| Available data |
---*---

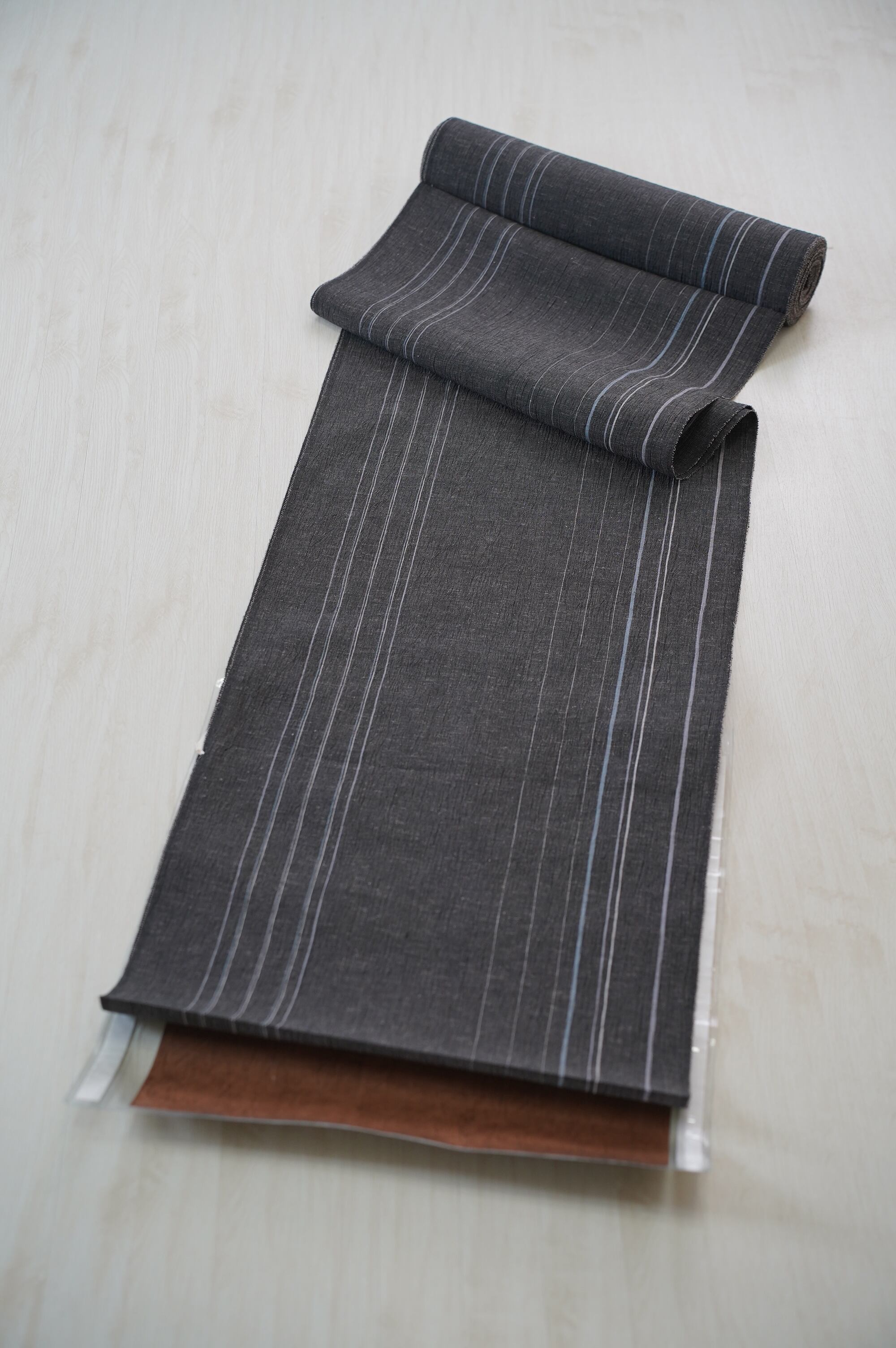 グレー地に薄紫、水色、白などのラインが織り込まれてモダンでお洒落な印象です。
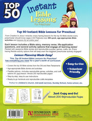 Teach the best 50 lessons from the popular Instant Bible Lessons series. The Top 50 Instant Bible Lessons for Preschoolers includes quick and easy-to-use resources for Sunday school teachers with reproducible hand-outs, arts and crafts templates, puzzles, games and step-by-step instructions.
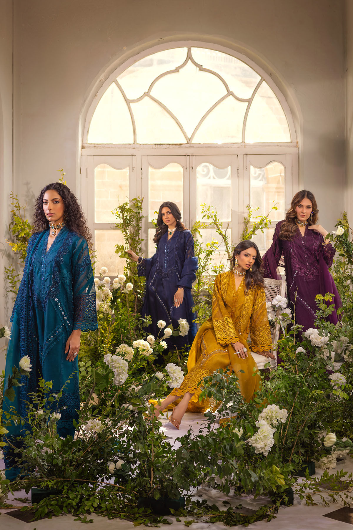 A- Line silhouette column shirt in a gorgeous shade of ochre gold featuring an array of techniques on pure silk net canvas. The neckline is adorned with appliqué and pleats detail incorporated with sequins and laces. The center front is enhanced with mirror embroidered details, the hemline is carefully crafted with pure organza schiffli details. The shirt is paired with organza dupatta featuring schiffli borders and matching straight pants to create that glamorously festive look.
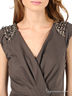 Детали: V-образный вырез с запахом, застежка на спинке на скрытую молнию, складки по линии отреза, плечики украшены декоративными элементами

---*---

| Assignment |
The entire listing above, minus its pictures, should be copied out exactly.

| The answer |
 グレー地に薄紫、水色、白などのラインが織り込まれてモダンでお洒落な印象です。
 Teach the best 50 lessons from the popular Instant Bible Lessons series. The Top 50 Instant Bible Lessons for Preschoolers includes quick and easy-to-use resources for Sunday school teachers with reproducible hand-outs, arts and crafts templates, puzzles, games and step-by-step instructions.
 A- Line silhouette column shirt in a gorgeous shade of ochre gold featuring an array of techniques on pure silk net canvas. The neckline is adorned with appliqué and pleats detail incorporated with sequins and laces. The center front is enhanced with mirror embroidered details, the hemline is carefully crafted with pure organza schiffli details. The shirt is paired with organza dupatta featuring schiffli borders and matching straight pants to create that glamorously festive look.
 Детали: V-образный вырез с запахом, застежка на спинке на скрытую молнию, складки по линии отреза, плечики украшены декоративными элементами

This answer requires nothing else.